Smlarbced Wrdos?
Comments
The reason I started looking at Saberi was that his name appeared in an earlier version of the scrambled letter text. I’ve started looking at some online papers in cognitive science and psycholinguistics that deal with visual word recognition. Also, the whole idea of semantic priming: i.e., words are more quickly recognized (or recovered) when the subject has been “primed” with words in the same semantic field, or in the case of this text I think the words become easier to recognize as the sentence winds to its close.

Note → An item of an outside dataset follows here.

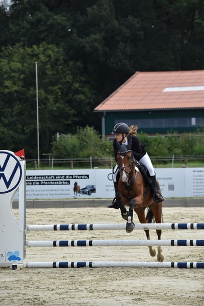 Gida ist eine 13-jährige Ponystute mit einem Stockmaß von 1,48 cm und einem besonders hübschen Erscheinungsbild. Sie ist turniererfahren und wurde von unseren Kindern in der Dressur und vor allem im Springen vorgestellt. Im Parcours zeigt sie sich stets motiviert und verfügt über eine gutes Grundtempo, mit dem sie auch von Kindern leicht durch den Parcours zu reiten ist. Sie ist ein absolutes Verlasspony, ob auf dem Platz, in der Halle, im Gelände oder in fremder Umgebung, sie ist immer gut zu handeln. Gida kennt auch das Reiten mit Halsring und ohne Sattel. Sie lässt sich besonders einfach verladen. Im Moment ist sie nachts in der Box und tagsüber auf dem Paddock. Sie kann ebenso problemlos auf der Weide stehen und ist sehr verträglich mit anderen Pferden. Da unsere Tochter aus ihr herausgewachsen ist, suchen wir für Gida ein neues, liebevolles Zuhause. Melden sie sich bitte unter der Nummer 015229539787.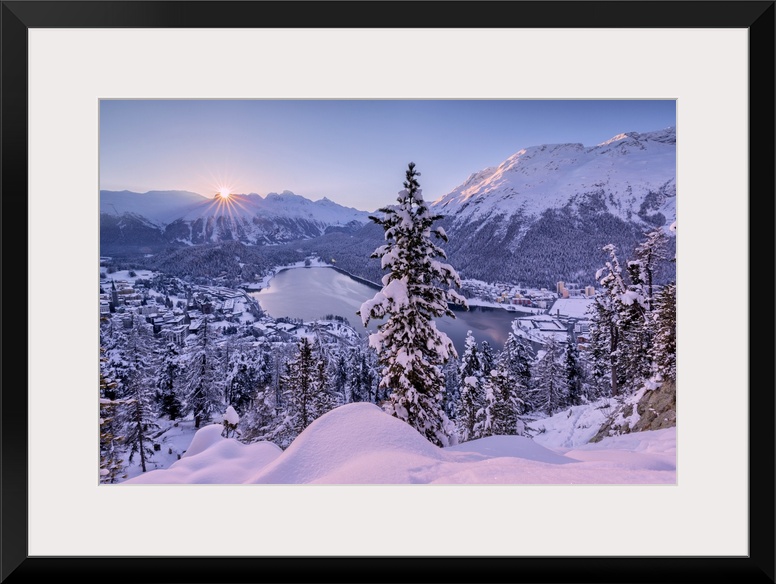 <p>Sunrise over village and Lake of St. Moritz covered with snow, Engadine, Canton of Graubunden, Switzerland, Europe</p>

I am having trouble finding some of the online papers in cognitive science and psycholinguistics that deal with visual word recognition. If it is not too much trouble, would you please put a couple of the better references on this site? Thanks!
Chris:
I really don’t know anything about this field of study, so I don’t have any sources to which to point you. My suggestion would be to start at the websites I link to above since at least Uncle Jazzbeau’s Gallimaufrey and LanguageHat both appear to deal with linguistics. Perhaps their webmasters would be able to help you more.
Good luck!
You can create your own texts more easily with this tool: http://www.wordmix.com
I tnihk yuo heva a vrey godo pinot trehe,
but who fuchin’ cares?
That’s creepy. Of course, I have superb training in recognizing horribly dyslexized type from the dozens of emails I get from my boss every day. His are much more difficult to read because you take the bad spelling/typing from above, and then mix it with bad or improper grammar, handfuls of on-the-spot non-standard abbreviations, and missing words.